#### [Directions for this task]
Each record here should be printed again exactly; please leave its pictures out.

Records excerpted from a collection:
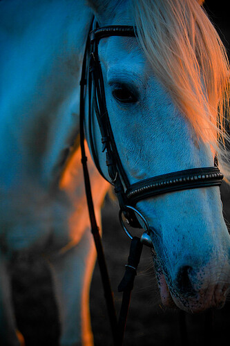 Infelizmente eu não puxei para o azul na pós. O cavalo é branco mesmo. Na foto ficou assim e só reforcei um pouco nos shadows e contraste geral
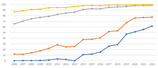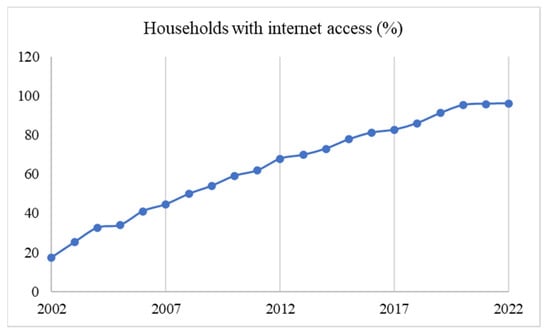 These results show the increasing percentage of households using the internet in Spain (Figure 1). In this way, in the last 20 years, the percentage of internet access increased by 78.70%, from 17.40% in 2002 to 96.10% in 2022, while, in the last 10 years, households with internet increased by 28.20%, from 67.90% in 2012 to 96.10% in 2022. As of 2009, more than half of Spanish households owned the internet and, since 2019, more than 90%, reaching almost all Spanish households in 2022.
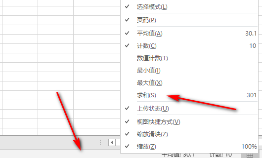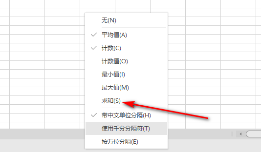 3、鼠标右键点击底部的状态栏,然后把求和勾选上,也可以勾选其他有需要的。
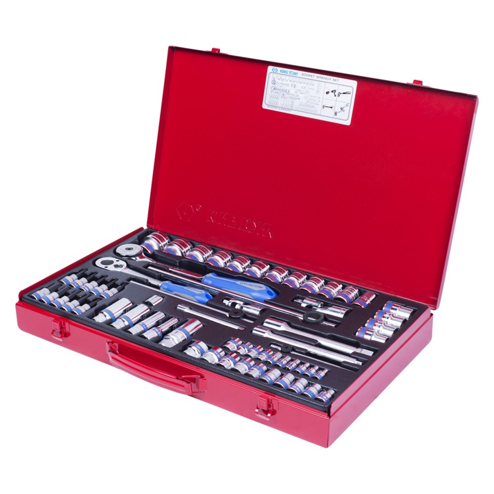 Набор торцевых головок с принадлежностями 1/4", 3/8", 1/2", двенадцатигранные, 4-32 мм, 62 предмета KING TONY 9063MR01 TONY
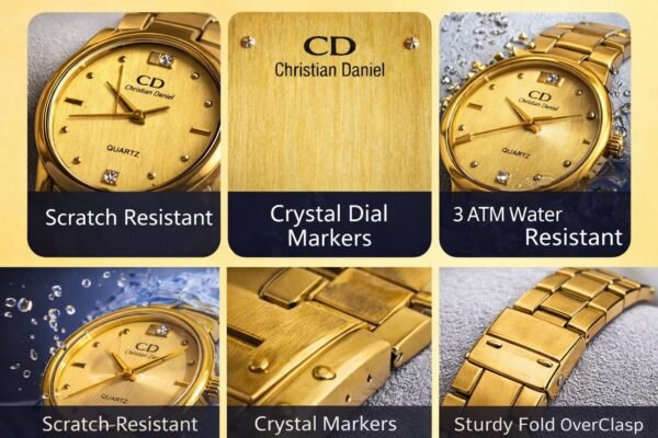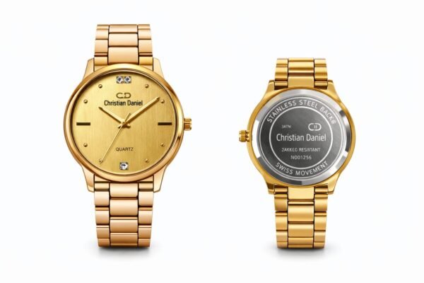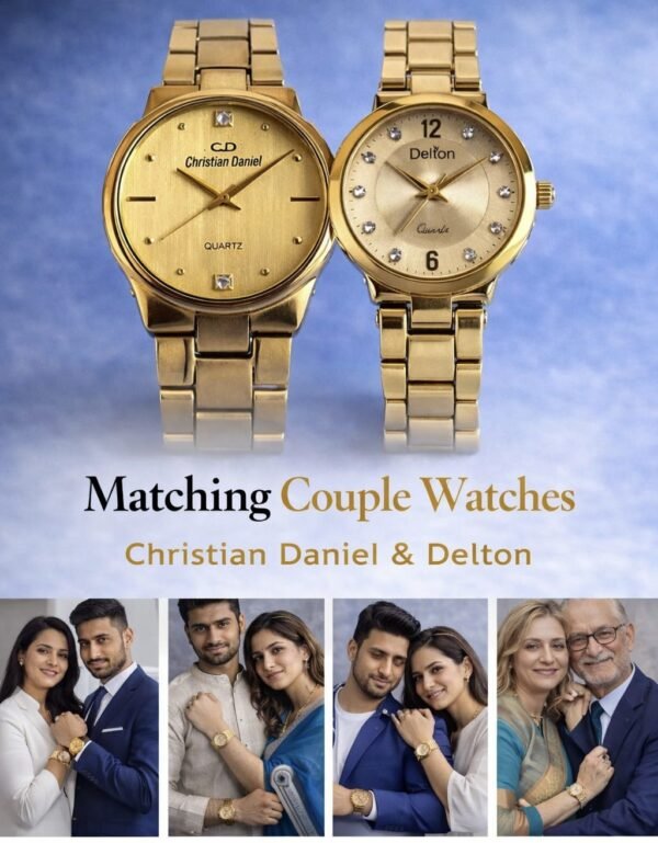 हे Matching Couple Watch Set प्रेम आणि नात्याचे सुंदर प्रतीक आहे. Christian Daniel (पुरुष) आणि Delton (महिला) घड्याळे आकर्षक सोनेरी फिनिश मध्ये डिझाइन केलेली आहेत. प्रत्येक खास क्षणासाठी परिपूर्ण.

#### [Result of this exercise]
 Infelizmente eu não puxei para o azul na pós. O cavalo é branco mesmo. Na foto ficou assim e só reforcei um pouco nos shadows e contraste geral
 These results show the increasing percentage of households using the internet in Spain (Figure 1). In this way, in the last 20 years, the percentage of internet access increased by 78.70%, from 17.40% in 2002 to 96.10% in 2022, while, in the last 10 years, households with internet increased by 28.20%, from 67.90% in 2012 to 96.10% in 2022. As of 2009, more than half of Spanish households owned the internet and, since 2019, more than 90%, reaching almost all Spanish households in 2022.
 3、鼠标右键点击底部的状态栏,然后把求和勾选上,也可以勾选其他有需要的。
 Набор торцевых головок с принадлежностями 1/4", 3/8", 1/2", двенадцатигранные, 4-32 мм, 62 предмета KING TONY 9063MR01 TONY
 हे Matching Couple Watch Set प्रेम आणि नात्याचे सुंदर प्रतीक आहे. Christian Daniel (पुरुष) आणि Delton (महिला) घड्याळे आकर्षक सोनेरी फिनिश मध्ये डिझाइन केलेली आहेत. प्रत्येक खास क्षणासाठी परिपूर्ण.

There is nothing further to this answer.